Eric Goldman, a professor at Santa Clara University School of Law, said the lawsuit’s arguments were expansive and unlikely to be accepted by the court. But the wave of litigation is just beginning, he said, with a “second and third wave” coming that would define AI’s future.
Larger companies are also pushing back against AI scrapers. In April, reddit said It wanted to charge for access to its application programming interface, or API, the method through which third parties can download and analyze the social network’s vast database of person-to-person conversations.
Steve Huffman, Reddit’s chief executive, said at the time that his company didn’t “need to give all of that value to some of the largest companies in the world for free.”
That same month, Stack Overflow, a question-and-answer site for computer programmers, said it would also ask AI companies to pay for data. The site has nearly 60 million questions and answers. Its move was earlier reported To install Wired.
News organizations are also resisting AI systems. In an internal memo about the use of generative AI in June, The Times said AI companies should “respect our intellectual property.” A Times spokesperson declined to elaborate.
For individual artists and writers, fighting back against AI systems has meant rethinking where they publish.

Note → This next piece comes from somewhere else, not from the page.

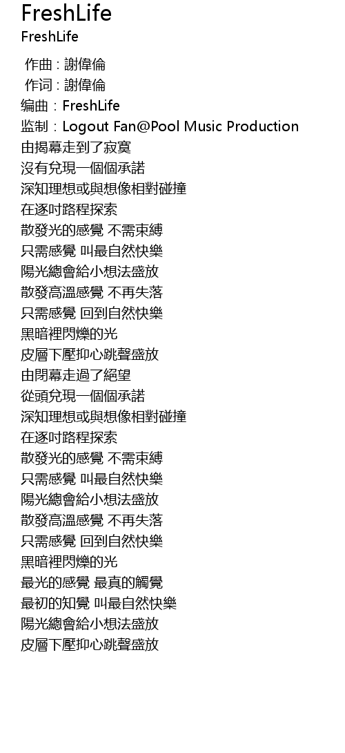 | [00:04.29] | 编曲:FreshLife |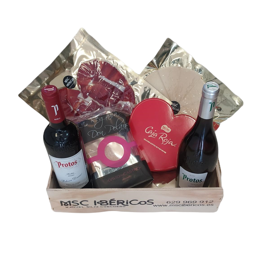 Corazón de jamón ibérico, plato de queso viejo, regaña gourmet Don Pelayo, Bombones Caja Roja Nestlé, Botella de vino Tinto Protos, Botella de vino Blanco Protos.

Nicholas Kole, 35, an illustrator in Vancouver, British Columbia, was alarmed by how his distinct art style could be replicated by an AI system and suspected the technology had scraped his work. He plans to keep posting his creations to Instagram, Twitter and other social media sites to attract clients, but he has stopped publishing on sites like ArtStation that post AI-generated content alongside human-generated content.
“It just feels like wanton theft from me and other artists,” Mr. Cole said. “It puts a pit of existential dread in my stomach.”
At Archive of Our Own, a fan fiction database with more than 11 million stories, writers have increasingly pressured the site to ban data-scraping and AI-generated stories.
In May, when some Twitter accounts shared examples of ChatGPT mimicking the style of popular fan fiction posted on Archive of Our Own, dozens of writers rose up in arms. They blocked their stories and wrote subversive content to mislead the AI scrapers. They also pushed Archive of Our Own’s leaders to stop allowing AI-generated content.
Betsy Rosenblatt, who provides legal advice to Archive of Our Own and is a professor at University of Tulsa College of Law, said the site had a policy of “maximum inclusivity” and did not want to be in the position of discerning which stories were written with AI
For Ms. Loffstadt, the fan fiction writer, the fight against AI came as she was writing a story about “Horizon Zero Dawn,” a video game where humans fight AI-powered robots in a postapocalyptic world. In the game, she said, some of the robots were good and others were bad.
But in the real world, she said, “thanks to hubris and corporate greed, they are being twisted to do bad things.”